Genetics-related didactics is scarce in the curriculum of local Medical Schools and there are only a few locations with a handful of slots to get formal postgraduate training in Medical Genetics (Ministerio de Salud, 2020). There are 1.3 genetics institutions, 1.7 medical genetics doctors, and 3.6 laboratory technicians every 1 million inhabitants, across the country (Centro Nacional de Genética Médica y Administración Nacional de Laboratorios e Institutos de Salud, 2004). Although this is expanding at a fast pace, short staffed institutions lead to long waiting lists and contribute to many patients remaining undiagnosed (Penchaszadeh, 2015). Also, few ophthalmologists are well trained to diagnose and manage ophthalmic genetics patients, and there are no guidelines to follow.
A current PubMed query of “ophthalmic genetics Argentina” provides 18 results (https://pubmed.ncbi.nlm.nih.gov/?term=ophthalmic+genetics+Argentina, queried on June 2020). Eight of these are about retinoblastoma, two about infectious diseases, two about glaucoma, two about systemic conditions with ophthalmic manifestations, one about corneal dystrophy, one about age-related macular degeneration, one is preclinical, and one is part of a multinational approach of Stargardt disease, where Argentina contributed with 27 patients, and Brazil with 9 (Khan et al., 2020). The only one report addressing IRD is possibly due to the difficulties ophthalmologists face diagnosing these conditions. There is a severe shortage in diagnostic tools such as ultrawide-field color and autofluorescence imaging, and electrophysiology devices. Also, there are a handful of experts who know how to perform studies following International Society for Clinical Electrophysiology of Vision (ISCEV) standards across the county (McCulloch et al., 2015). The knowledge of inherited eye conditions is poor among ophthalmologists, even retina specialists and, although the cost of genetic testing continues to drop, it remains unaffordable for most individuals or health systems. This leads to inequalities, poor access, and a low percentage of patients being tested and properly counseled. Argentina’s Retinitis Pigmentosa’s Foundation has around 5,000 registered patients, 8% of which have a molecular diagnosis. This scenario, with poor collaboration between medical genetics and ophthalmologists, leads to late diagnosis and mismanagement.
1.4 |. Chile
Chile is a country with 17.5 million inhabitants and 756,102 km2 of territory, by the Pacific Ocean (Central Intelligence Agency, 2020). Their National healthcare system is based in two sectors: public and private. The public is called FONASA and is funded by mandatory contributions. It assists approximately 80% of the population, including the lower income segments. The private system, called ISAPRES, is represented by insurers and funded both by mandatory and voluntary contributions, covering approximately 15% of the population (Cid, Herrera, & Prieto, 2016; Vásquez, Paraje, & Estay, 2013). Neither the National healthcare system nor insurances cover genetic testing and no legal or financial aid are provided for patients with IRD (Encina et al., 2019; Pinilla-Roncancio, 2018).
Throughout the country, over 15 clinical cytogenetic laboratories offer karyotype and FISH, and three laboratories provide molecular genetic tests such as multiplex ligation-dependent probe amplification (MLPA), microarrays, Sanger sequencing, and comparative genomic hybridization (CGH). NGS is available overseas only, at a high cost (Vásquez et al., 2013). There are currently 33 clinical geneticists in the country, 1 medical genetics residency program, and 3 ophthalmologists with formal training in ocular genetics (Clouet-Huerta, González, & Correa, 2017; Taucher, 2003).

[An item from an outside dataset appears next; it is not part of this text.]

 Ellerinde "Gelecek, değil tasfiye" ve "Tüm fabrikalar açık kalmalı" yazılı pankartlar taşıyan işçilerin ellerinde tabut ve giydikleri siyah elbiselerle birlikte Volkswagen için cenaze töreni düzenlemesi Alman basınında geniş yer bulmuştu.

On 2015, Hospital del Salvador in Santiago (the Capital city) opened a public Ocular Genetics clinic for patients from all over the country with emphasis in IRD. At present, 700 patients visit this clinic on a regular basis where they are studied with a multi-imaging approach including SD-OCT, visual field, wide-field color, and autofluorescence retinal imaging and electrophysiology. Every case is analyzed in a single visit and patients, along with their relatives, are provided with genetic counseling at the same appointment. Details regarding ongoing clinical trials are also discussed (Margarit, Alvarado, Alvarez, & Lay-Son, 2013). Molecular diagnosis is the main limitation for the ocular genetics’ clinic, due to its high cost. Currently only 21% of the patients have molecular diagnoses, most of them as part of collaborative research projects. In Chile there is no national registry of genetic or rare diseases, therefore the Ocular Genetics clinic’s records are the closest to that. The Ocular genetics’ clinic also provides training for ophthalmology residents from University of Chile (included on their yearly schedule), for retina fellows and soon, for medical genetics residents. Furthermore, the clinic collaborates with the Foundation Fighting Retinitis Pigmentosa (FUNDALURP), allowing patients access to low vision rehabilitation and aids, as well as psychologists.

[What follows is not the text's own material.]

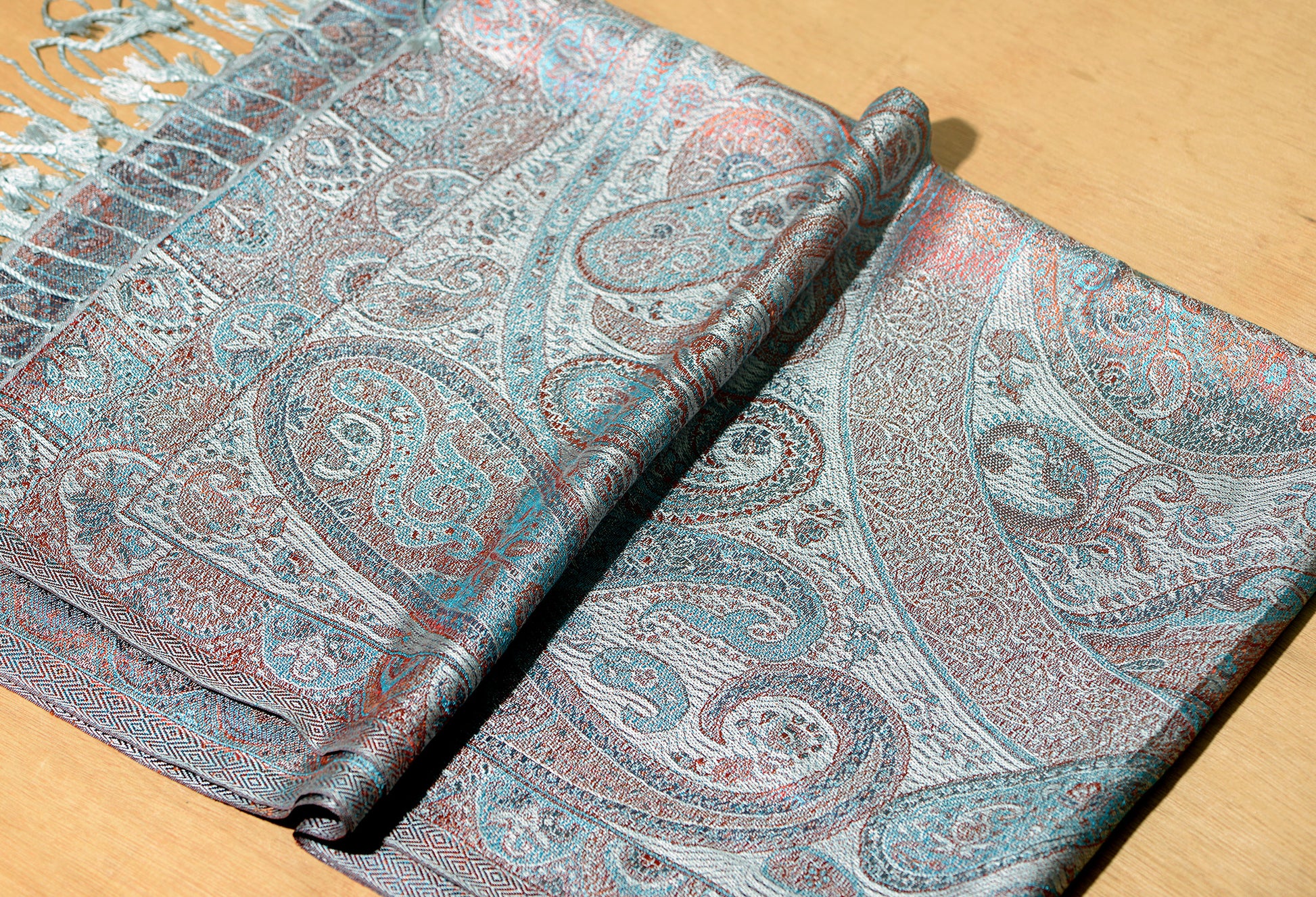OMVAI Victorian Paisley Pattern Micro Art Silk Stole - Mystic Grey

The query “ophthalmic genetics Chile” in PubMed gives sixteen results: two about the prevalence of ophthalmic conditions within the country, one about genetic testing in IRD, one about retinoblastoma, two about corneal dystrophy, one about nail-patella syndrome associated with glaucoma, two about infectious diseases, two preclinical, one about Alstrom syndrome, one about Knobloch syndrome, one about epidermolysis bullosa, two about retinal degenerations, and one about retinal vein occlusion (https://pubmed.ncbi.nlm.nih.gov/?term=ophthalmic+genetics+Chile, queried on June 2020).
There are numerous challenges that Chile faces such as: increasing the knowledge of genetics among ophthalmologists and other health professionals, promoting international partnerships for research and clinical collaboration, increasing training opportunities abroad, participation in multicenter projects and, of course, strengthen public health policies towards better genomic medicine (Encina et al., 2019).

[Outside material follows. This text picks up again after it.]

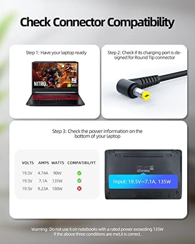 10FT 135W Charger Fit for Acer Nitro 5 Charger - (Replacement for Acer Nitro 5 AN515-57 AN515-55 AN515-54 AN515-51 AN515-53 N20C1 N18C3 N18C4 Gaming Laptop Power Cord Supply)

1.5 |. Patients’ organizations and support groups
There are several patient organization groups in the region with differing visibility and level of activity (Fundación Argentina de Retinosis Pigmentaria, n.d.; Asociación de Padres de Niños con Enfermedad de Stargardt, n.d.; Fundación Lucha contra Retinitis Pigmentosa, n.d.; Retinosis Pigmentaria Colombia, n.d.; Retina Brasil, n.d.). Most of them have websites with basic information for patients and links to regional and global organizations. Many patients seek online information after their diagnosis, and the top search results correspond to these groups, where they can register for email updates and information. These institutions manage a low budget since it is not as common in South America to donate to organizations, such as it is in other parts of the world (e.g., United States of America).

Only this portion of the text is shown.